EXERCISE DIRECTIONS
Among the entries below, only the lines from the one with "طقم بيجاما شتوي مخطط مكون من قطعتين" through the one with "近場區(qū)通常是由于波源" are to be retyped, exactly and without pictures.

LISTED RECORDS
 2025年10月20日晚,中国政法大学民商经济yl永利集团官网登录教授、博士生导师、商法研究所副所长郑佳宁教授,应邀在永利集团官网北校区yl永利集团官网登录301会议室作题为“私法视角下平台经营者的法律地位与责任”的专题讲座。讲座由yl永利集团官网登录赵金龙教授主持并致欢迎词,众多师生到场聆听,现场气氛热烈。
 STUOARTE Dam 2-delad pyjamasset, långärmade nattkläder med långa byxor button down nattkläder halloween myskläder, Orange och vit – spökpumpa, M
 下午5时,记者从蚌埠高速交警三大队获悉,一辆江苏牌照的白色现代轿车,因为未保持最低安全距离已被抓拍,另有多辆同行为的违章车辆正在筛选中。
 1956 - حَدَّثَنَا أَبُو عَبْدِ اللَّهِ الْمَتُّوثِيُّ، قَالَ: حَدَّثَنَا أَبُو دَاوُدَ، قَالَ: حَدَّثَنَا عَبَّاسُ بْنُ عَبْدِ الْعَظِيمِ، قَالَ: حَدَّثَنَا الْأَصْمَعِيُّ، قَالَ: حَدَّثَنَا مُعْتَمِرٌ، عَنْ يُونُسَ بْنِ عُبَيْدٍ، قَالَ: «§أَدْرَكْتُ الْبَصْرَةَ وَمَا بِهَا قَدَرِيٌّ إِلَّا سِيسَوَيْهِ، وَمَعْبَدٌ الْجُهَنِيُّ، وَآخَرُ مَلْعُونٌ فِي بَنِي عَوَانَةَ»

...

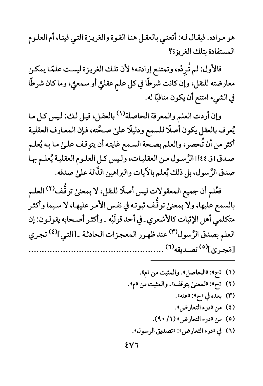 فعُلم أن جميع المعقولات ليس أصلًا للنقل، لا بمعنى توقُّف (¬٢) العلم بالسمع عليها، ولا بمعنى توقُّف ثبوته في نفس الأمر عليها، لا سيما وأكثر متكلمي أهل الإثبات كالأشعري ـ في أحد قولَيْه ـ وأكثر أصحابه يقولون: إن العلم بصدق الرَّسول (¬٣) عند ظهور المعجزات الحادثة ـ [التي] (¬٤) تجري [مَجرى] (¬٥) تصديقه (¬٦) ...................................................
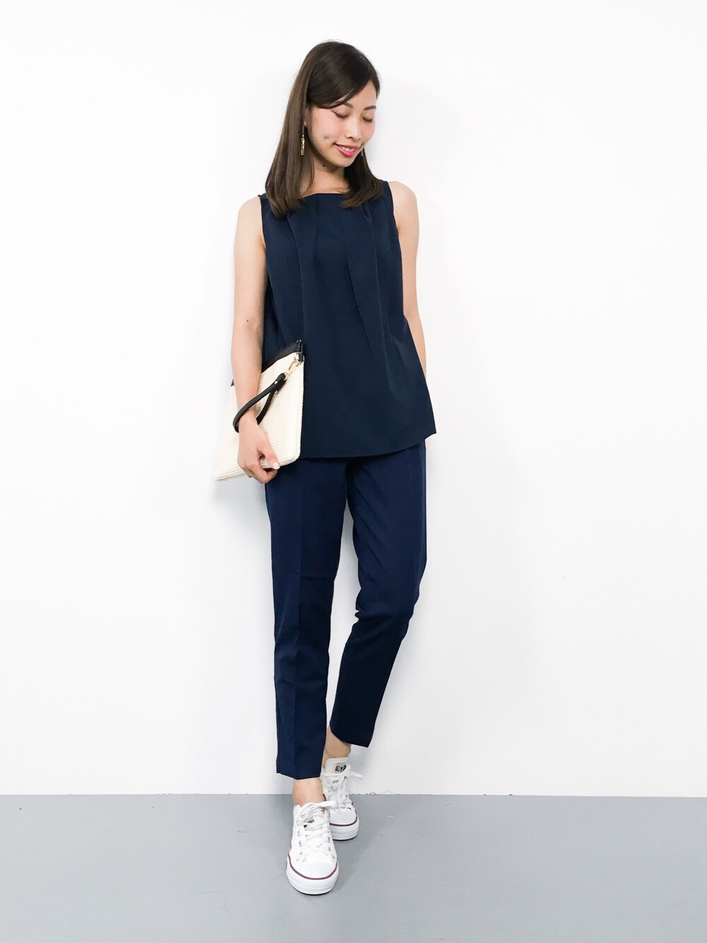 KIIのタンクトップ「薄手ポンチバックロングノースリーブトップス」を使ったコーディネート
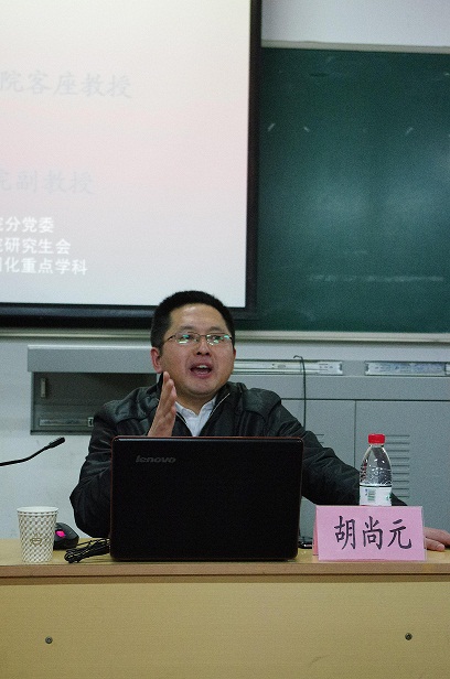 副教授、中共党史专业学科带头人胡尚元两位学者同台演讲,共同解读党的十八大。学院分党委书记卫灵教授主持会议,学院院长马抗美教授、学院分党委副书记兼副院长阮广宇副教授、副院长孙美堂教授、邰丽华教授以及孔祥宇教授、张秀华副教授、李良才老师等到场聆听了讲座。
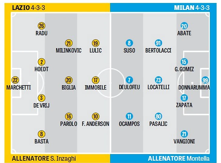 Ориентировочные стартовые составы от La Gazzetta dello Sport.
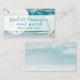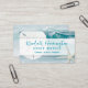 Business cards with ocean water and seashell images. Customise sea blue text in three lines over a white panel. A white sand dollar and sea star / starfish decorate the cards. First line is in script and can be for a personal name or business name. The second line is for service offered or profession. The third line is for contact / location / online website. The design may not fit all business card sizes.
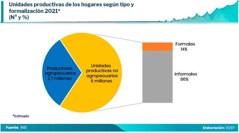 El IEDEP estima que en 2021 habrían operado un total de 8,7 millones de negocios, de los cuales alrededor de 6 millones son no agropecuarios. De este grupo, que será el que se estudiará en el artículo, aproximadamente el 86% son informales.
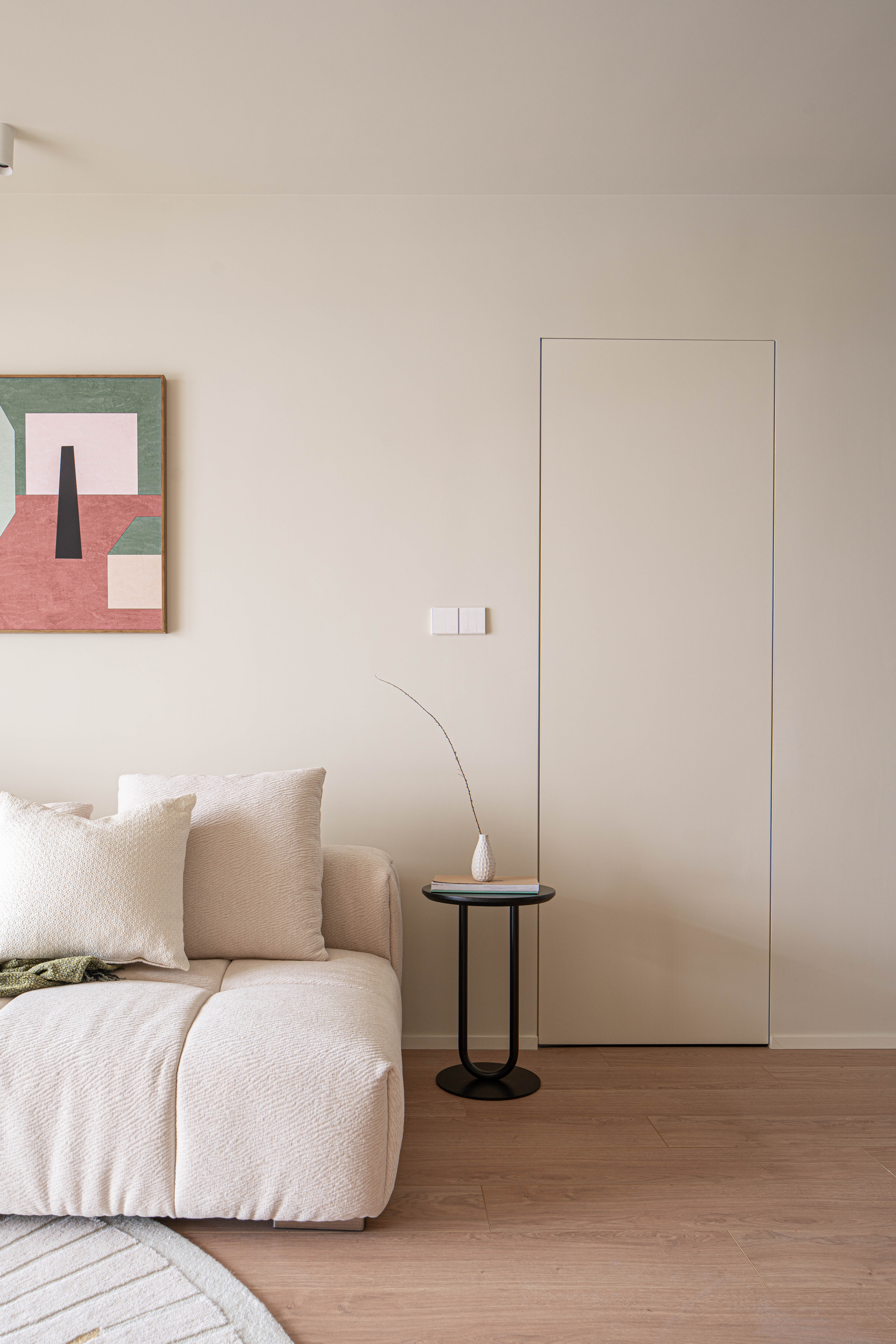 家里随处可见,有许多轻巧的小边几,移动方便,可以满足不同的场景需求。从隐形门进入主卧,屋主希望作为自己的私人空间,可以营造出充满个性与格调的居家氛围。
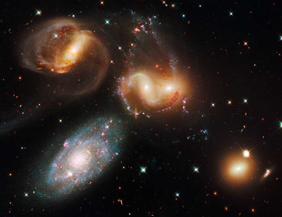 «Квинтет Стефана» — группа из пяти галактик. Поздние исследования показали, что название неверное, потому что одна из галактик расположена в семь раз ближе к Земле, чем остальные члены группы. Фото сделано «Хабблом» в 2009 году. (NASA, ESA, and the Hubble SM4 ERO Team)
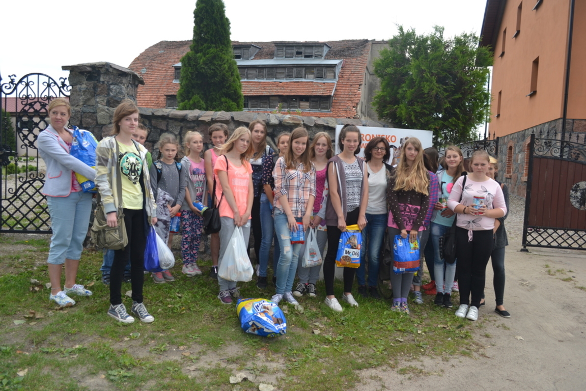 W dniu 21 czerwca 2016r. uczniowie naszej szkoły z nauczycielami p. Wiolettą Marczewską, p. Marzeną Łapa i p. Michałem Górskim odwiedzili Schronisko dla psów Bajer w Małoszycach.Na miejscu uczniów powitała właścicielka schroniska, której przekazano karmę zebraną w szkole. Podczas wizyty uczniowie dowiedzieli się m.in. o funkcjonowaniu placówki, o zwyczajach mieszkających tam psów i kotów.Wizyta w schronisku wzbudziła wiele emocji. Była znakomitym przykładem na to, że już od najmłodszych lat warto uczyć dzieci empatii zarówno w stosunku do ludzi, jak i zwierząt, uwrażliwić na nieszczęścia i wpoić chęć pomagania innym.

--

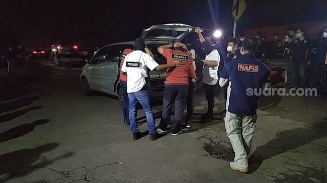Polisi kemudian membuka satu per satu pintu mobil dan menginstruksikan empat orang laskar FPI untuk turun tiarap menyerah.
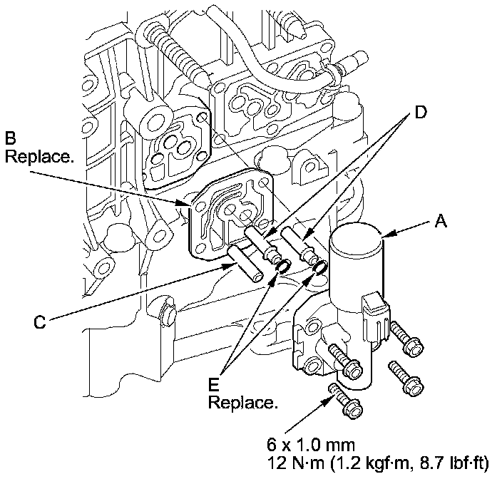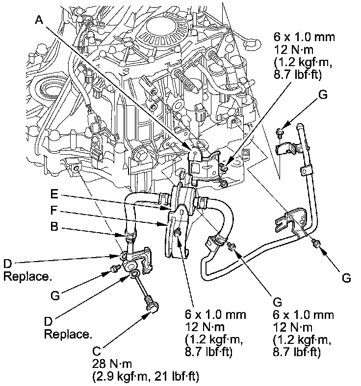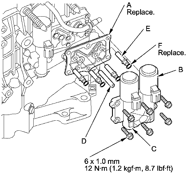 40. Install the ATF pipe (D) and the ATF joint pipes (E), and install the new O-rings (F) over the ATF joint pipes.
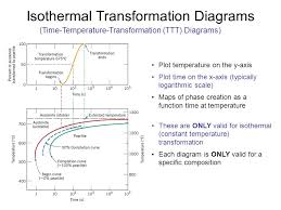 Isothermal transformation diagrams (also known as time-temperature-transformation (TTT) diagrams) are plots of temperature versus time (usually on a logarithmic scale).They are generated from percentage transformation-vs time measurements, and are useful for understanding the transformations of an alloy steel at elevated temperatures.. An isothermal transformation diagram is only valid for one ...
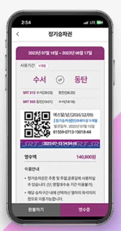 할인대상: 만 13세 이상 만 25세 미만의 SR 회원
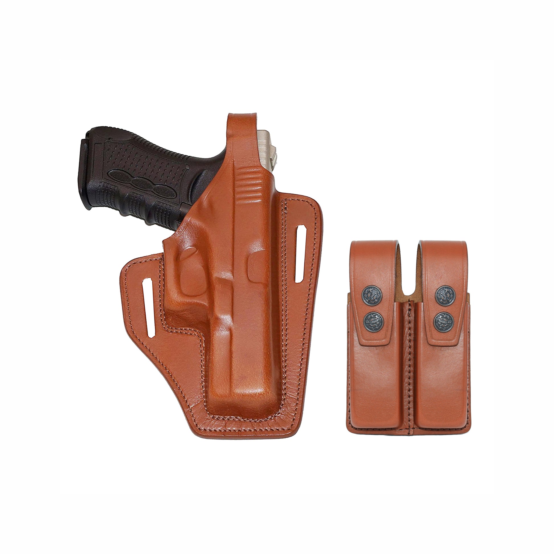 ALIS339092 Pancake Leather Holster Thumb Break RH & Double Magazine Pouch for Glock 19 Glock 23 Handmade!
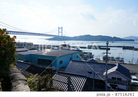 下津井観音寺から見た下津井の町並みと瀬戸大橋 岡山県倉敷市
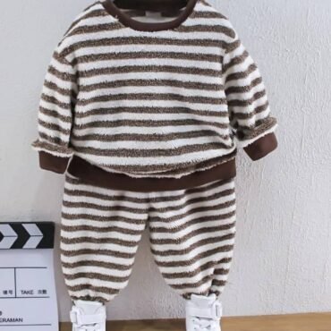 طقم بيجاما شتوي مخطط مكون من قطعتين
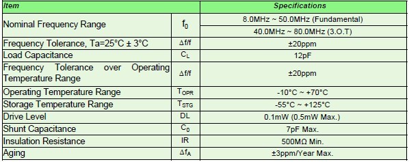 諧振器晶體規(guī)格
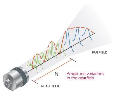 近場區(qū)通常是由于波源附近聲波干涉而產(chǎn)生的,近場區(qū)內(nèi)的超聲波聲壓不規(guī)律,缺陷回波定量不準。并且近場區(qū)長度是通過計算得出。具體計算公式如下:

YOUR SOLUTION
 طقم بيجاما شتوي مخطط مكون من قطعتين
 諧振器晶體規(guī)格
 近場區(qū)通常是由于波源附近聲波干涉而產(chǎn)生的,近場區(qū)內(nèi)的超聲波聲壓不規(guī)律,缺陷回波定量不準。并且近場區(qū)長度是通過計算得出。具體計算公式如下:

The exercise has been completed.